Task
Extract, word for word, each line from the line holding "Volkswagen Golf 8" through the end of the records. Omit every picture.

Record set
★ ★ ★ ★
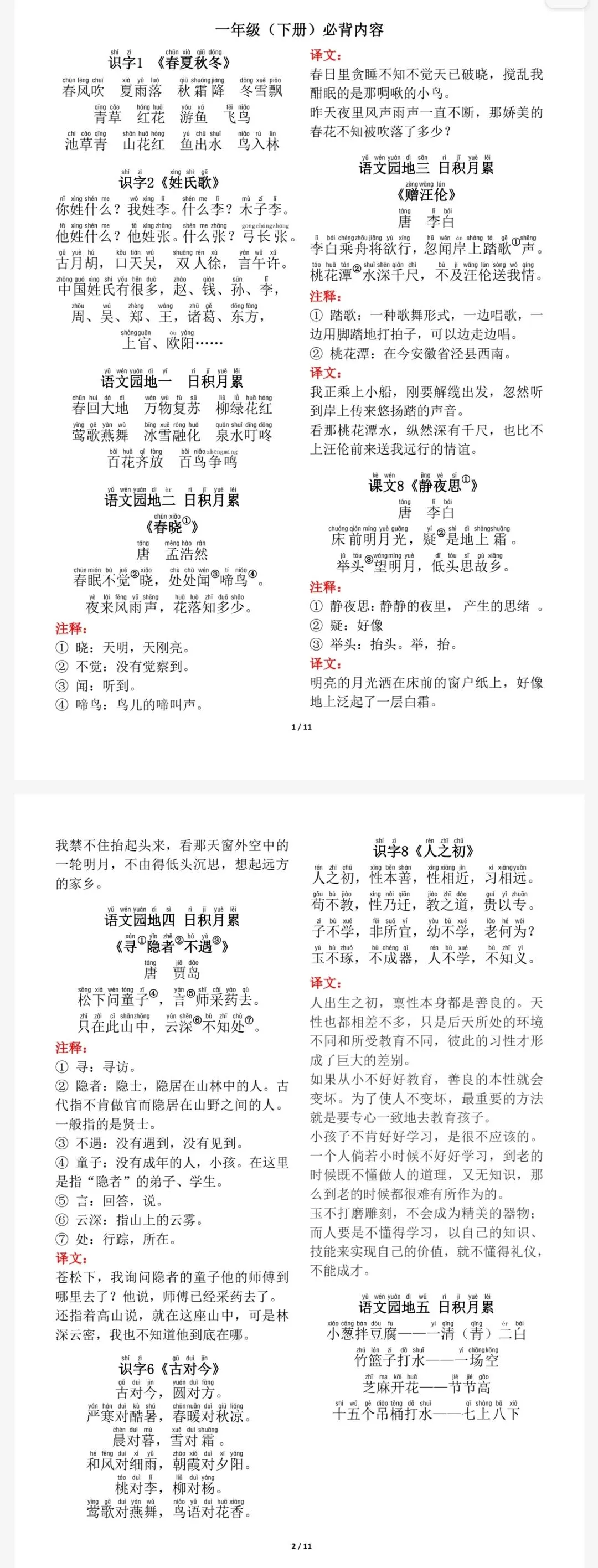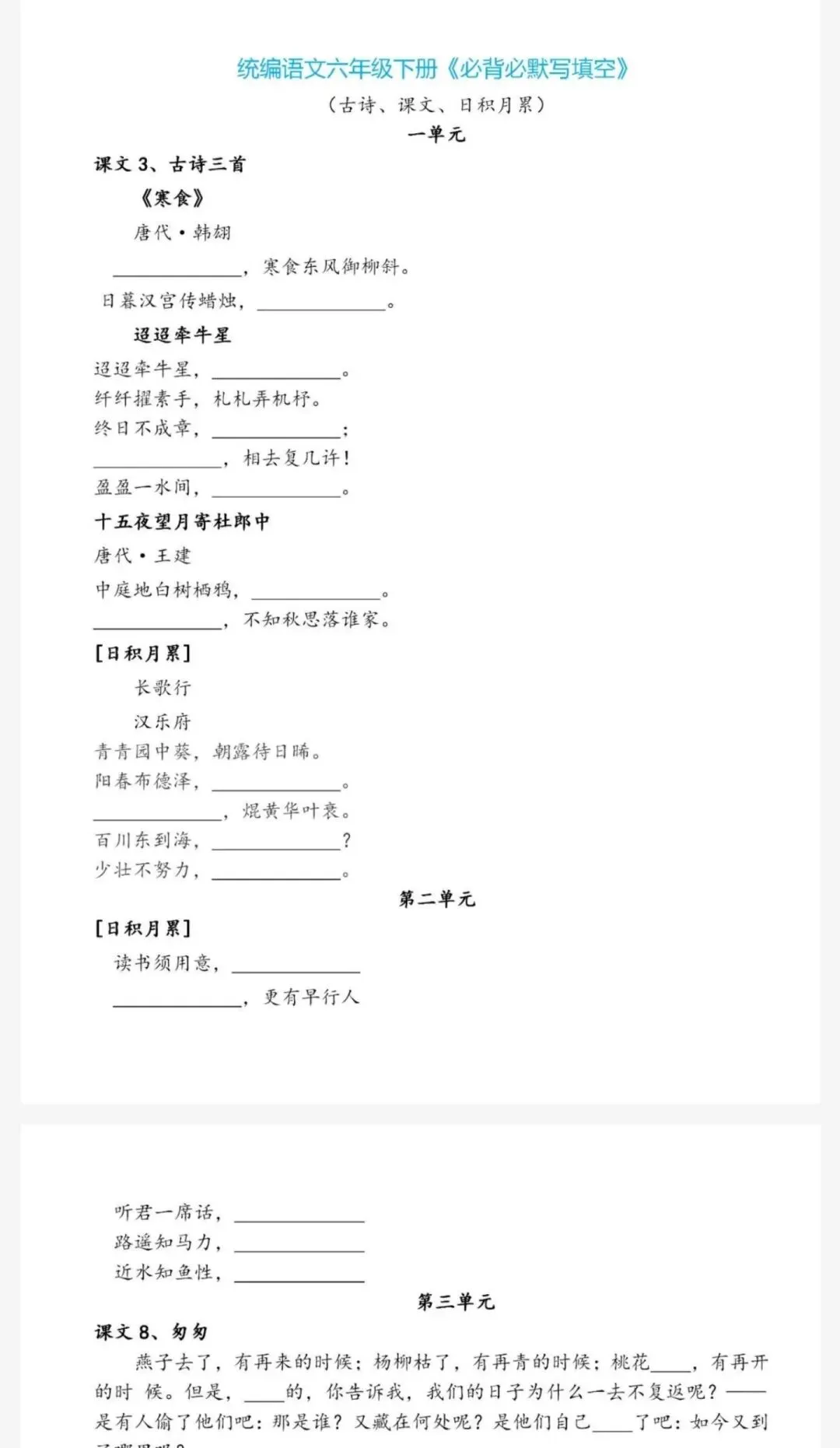 >(直接下载,不用网盘)1-6年级下册必背内容寒假预习
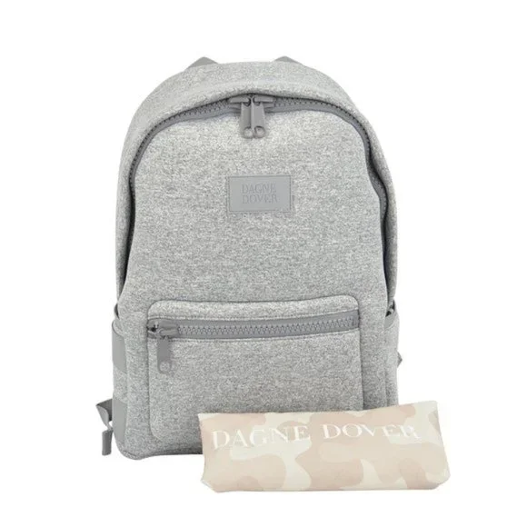 NEW Dagne Dover Medium DAKOTA Backpack Daypack Heather GreyMade of Nylon11.5” L x 5” W x 17” H3 1/2" neoprene handleZipper Closure2 zip pockets and one interior slotDetachable zip pouchColor-plated Zinc-Alloy HardwareIncludes removable Shoe Bag and Air Mesh Zip Top Pouch0_dd_bp_hgry3
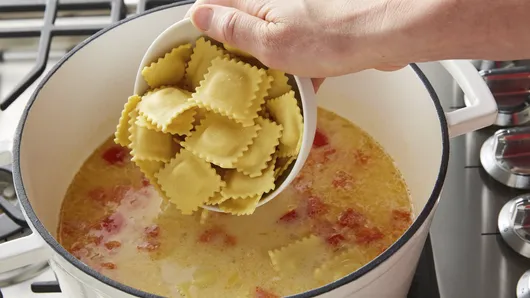 Step2Stir in broth, pasta sauce, chicken, Italian seasoning and pepper. Heat to boiling; stir in ravioli. Reduce heat; simmer 7 to 9 minutes, stirring occasionally, until ravioli is tender.
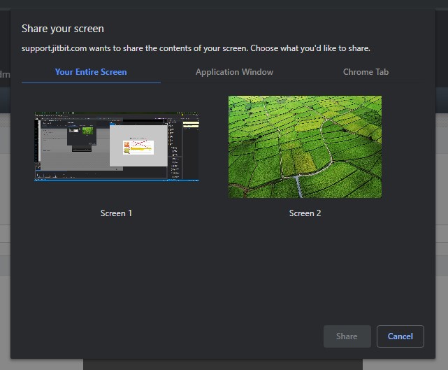 2. You will be prompted if you would like to capture the entire screen or select an application window to record. We recommend recording a particular application to save space and upload time
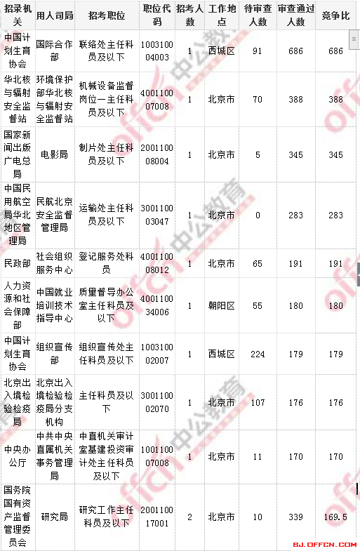 2018國考北京地區(qū)競爭比例最多十大職位
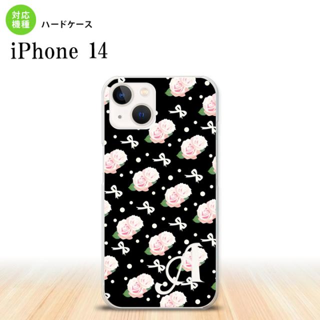 iPhone14 iPhone14 スマホケース 背面ケース ハードケース 花柄 バラ リボン 黒 +アルファベット 2022年 9月発売 nk-i14-257i
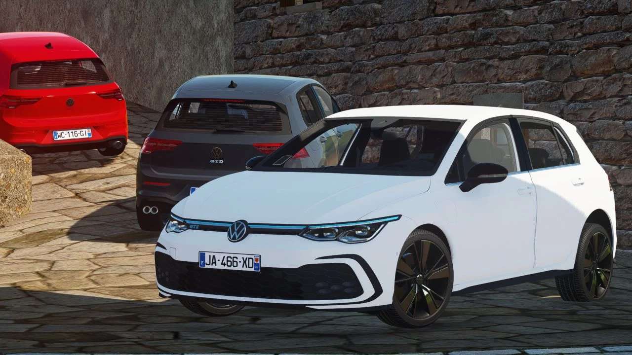 Volkswagen Golf 8 GTE. The GTE is the Hybrid version of the GTI with a thermal engine and an electric which combine to produce a power of 245 hp (power equal to the GTI). in the games it is thermal without its engine at start-up to make it sound like a hybrid car, because in the games you cannot have two different fuels on a single vehicle
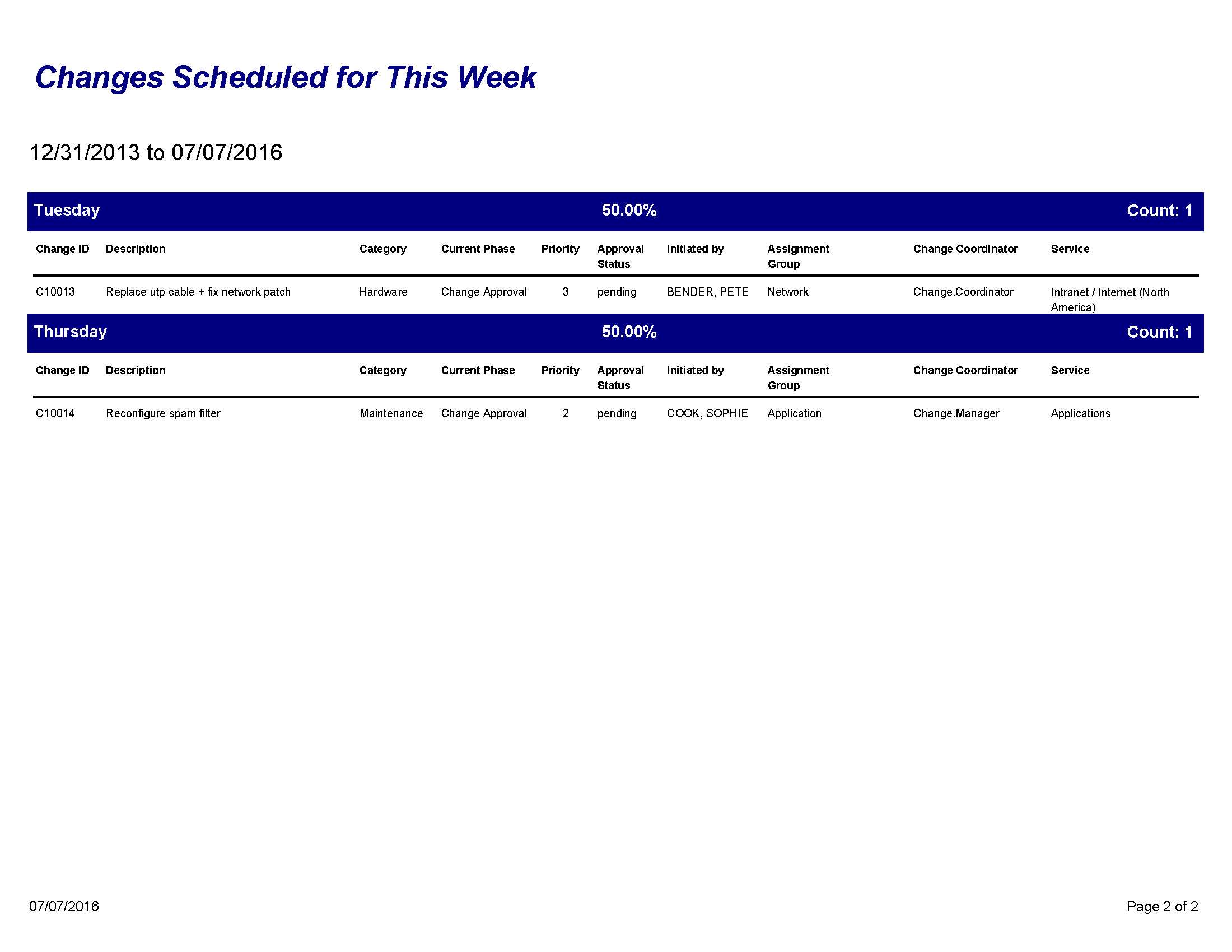 Changes Scheduled for This Week
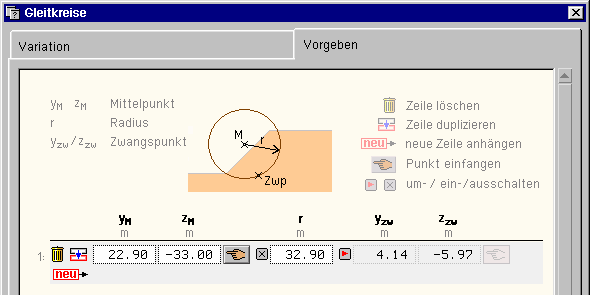 | Für jeden Gleitkreis wird der erste Iterationsschritt
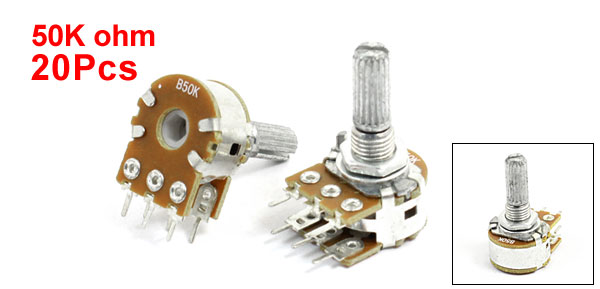 Product Name Potentiometer Resistance Value 50K ohm Power AC 250V Adjustment Type Adjustment Top Type Dual Linear(Type B) Features Knurled Shaft Shaft Diameter 5mm / 0.2" Shaft Length 13mm / 0.31" Mounting Thread Diameter 6.8mm / 0.26" Base Size 16 x10mm / 0.63" x 0.39"(D*H) Total Height 31mm/1.22" Material Metal, Electronic Parts,Carbon Film Net Weight 158g Package 20 x Potentiometer - Reviews
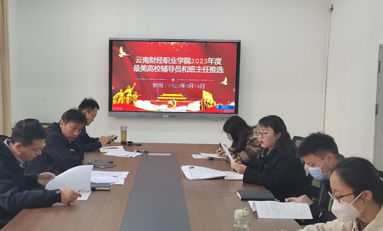 2023年3月14日上午,学工部组织召开2023年第1次学生工作领导小组会议。评选“云南省2023年度最美高校辅导员和班主任”云南财经职业学院人选。
★ ★ ★ ★
Answer box
 Volkswagen Golf 8 GTE. The GTE is the Hybrid version of the GTI with a thermal engine and an electric which combine to produce a power of 245 hp (power equal to the GTI). in the games it is thermal without its engine at start-up to make it sound like a hybrid car, because in the games you cannot have two different fuels on a single vehicle
 Changes Scheduled for This Week
 | Für jeden Gleitkreis wird der erste Iterationsschritt
 Product Name Potentiometer Resistance Value 50K ohm Power AC 250V Adjustment Type Adjustment Top Type Dual Linear(Type B) Features Knurled Shaft Shaft Diameter 5mm / 0.2" Shaft Length 13mm / 0.31" Mounting Thread Diameter 6.8mm / 0.26" Base Size 16 x10mm / 0.63" x 0.39"(D*H) Total Height 31mm/1.22" Material Metal, Electronic Parts,Carbon Film Net Weight 158g Package 20 x Potentiometer - Reviews
 2023年3月14日上午,学工部组织召开2023年第1次学生工作领导小组会议。评选“云南省2023年度最美高校辅导员和班主任”云南财经职业学院人选。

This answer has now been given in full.